Genetik olarak bir Balkan devleti olan Osmanlı, Bizans’la mücadelesi ve sonrasında önündeki tek tarihsel model olan Roma’yı yeniden ihya etme stratejisiyle hareket etti. Viyana kapılarına dayanma miti bu stratejinin askeri-ideolojik ifadesidir. Aradan geçen yüzyıllar, önce Osmanlı’ya bunun mümkün olamayacağını öğretti. Ardından Avrupa’nın karşı taarruzu başladı ve Osmanlı’yı beka derdine düşürdü. Türk milli devleti bu anksiyete zemininde oluştu ve aynı milliyetçi anlatı içinde Osmanlı’yla hem kopuş hem de devamlık iddiası içeren şizofren bir söylem bağlamında şekillendi. İnkâr ve sahiplenme arasındaki bu milliyetçi gerilim, faşist ideoloji tarafından önce kopuş vurgusuyla formüle edildi. Türk faşizminin Rıza Nur ve Nihal Atsız gibi önderleri, kendisi de bir Balkan Osmanlısı olan Mustafa Kemal inisiyatifinde formüle edilen Kemalizmi esas olarak Osmanlı’dan tam bir Türkçü kopuş gerçekleştirememiş olması nedeniyle eleştiriyordu.

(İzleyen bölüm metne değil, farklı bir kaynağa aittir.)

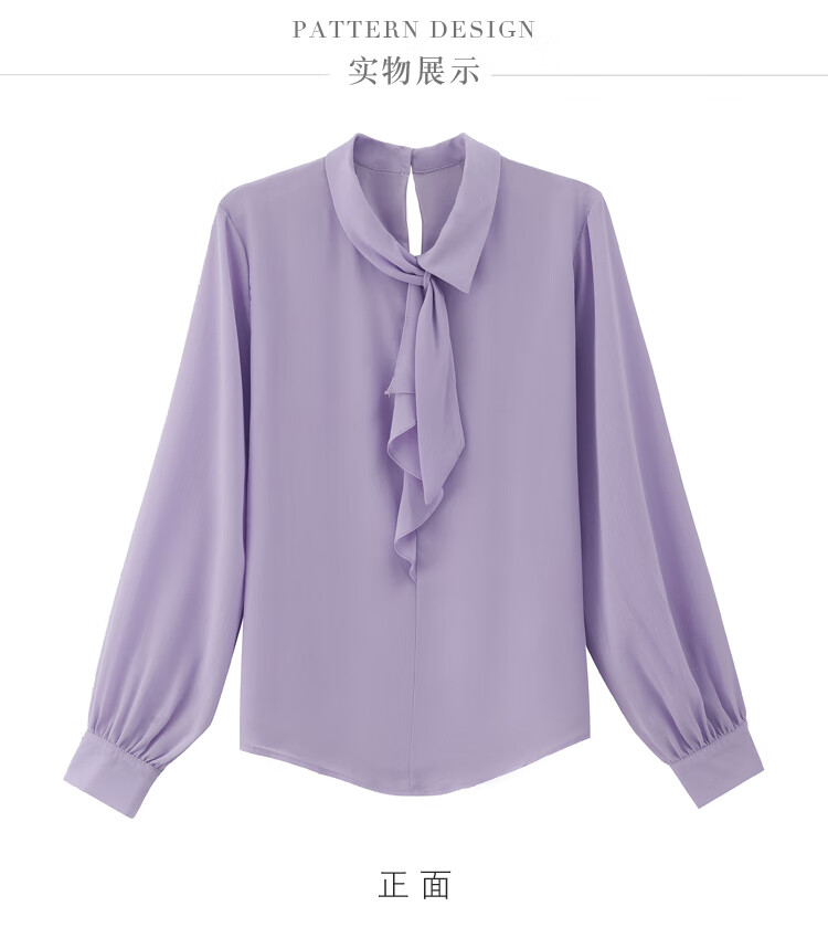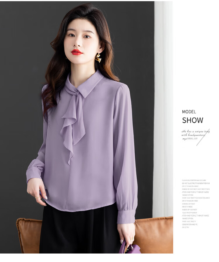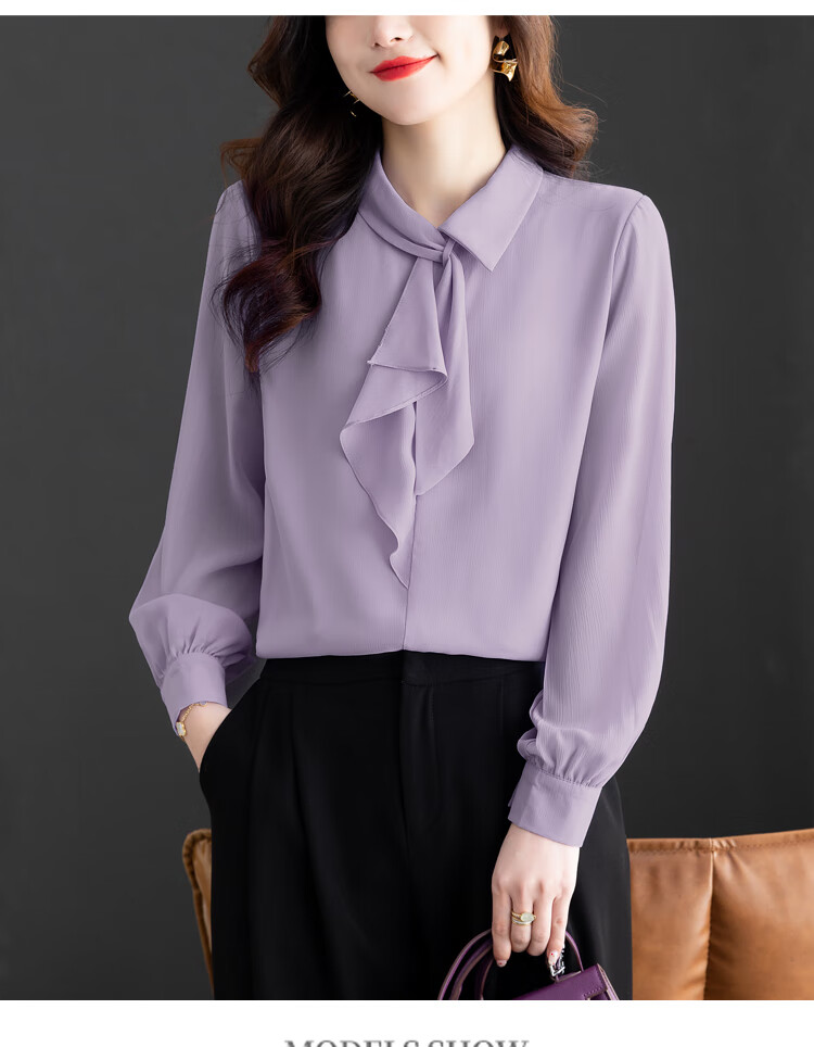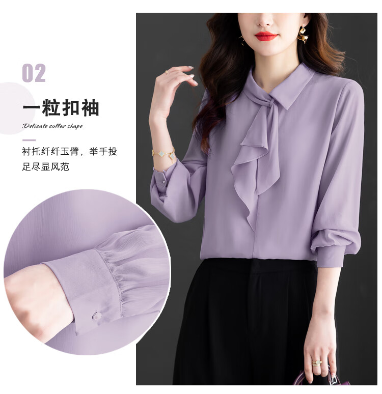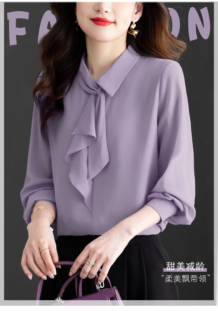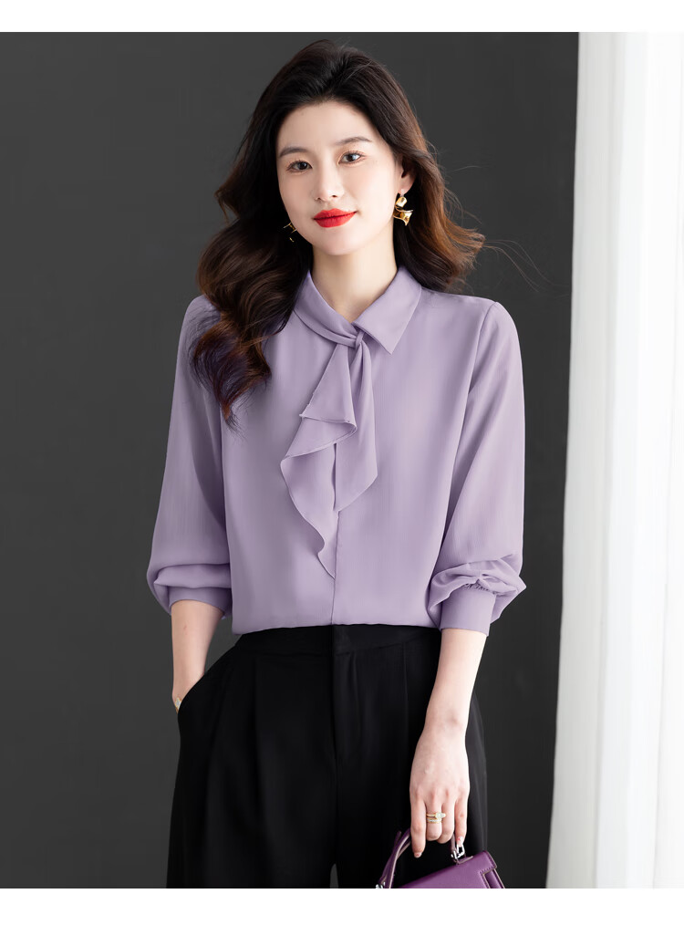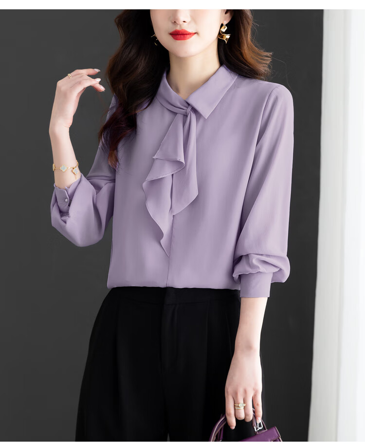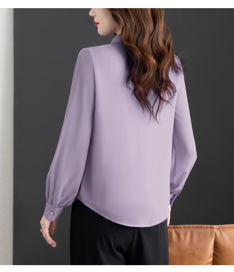 Oubaixi temperament chiffon ribbon shirt for women spring 2026 new style fashionable and age-reducing long-sleeved top purple XL

Faşist ideoloji, bir çeşit arilik iddiası içerdiğinden, en önemli iç gerilimini İslam dini ile yaşadı. Türkler, kökleri itibarıyla kımız içen alkolikler ve şamanlarının kehanetlerine tapan pagan çapulcular olarak tarihte yazılı iken mütedeyyin Müslüman ve medeniyet timsali ticaret erbabı eşraf algısı nasıl oluşturulabilirdi? Türk-İslam sentezi sihirli formülü, bu soru üzerinden hayat buldu. 1960’lı yıllar itibarıyla Türk faşistleri, Tanrı Dağı kadar Türk Hira Dağı kadar da Müslüman olmuşlardı. Türklük hamuru, artık hem allahsız hem de gayrı-milli olan komünist komploya karşı ABD komutasında mücadelenin kendisiydi. Arap Medine kimliğinin çimentosu olan Müslümanlıkla Türkik çapul kültürünün harcı arasında bir uyuşmanın ne derece mümkün olduğu bilinmez ama Türk-İslam sentezinin zaten bölünmüş ve tutarsız bir kimlik çekirdeği üzerine bir başka patolojik bölünmenin daha binmesi anlamına geldiği de bütün semptomlarıyla orta yerdeydi.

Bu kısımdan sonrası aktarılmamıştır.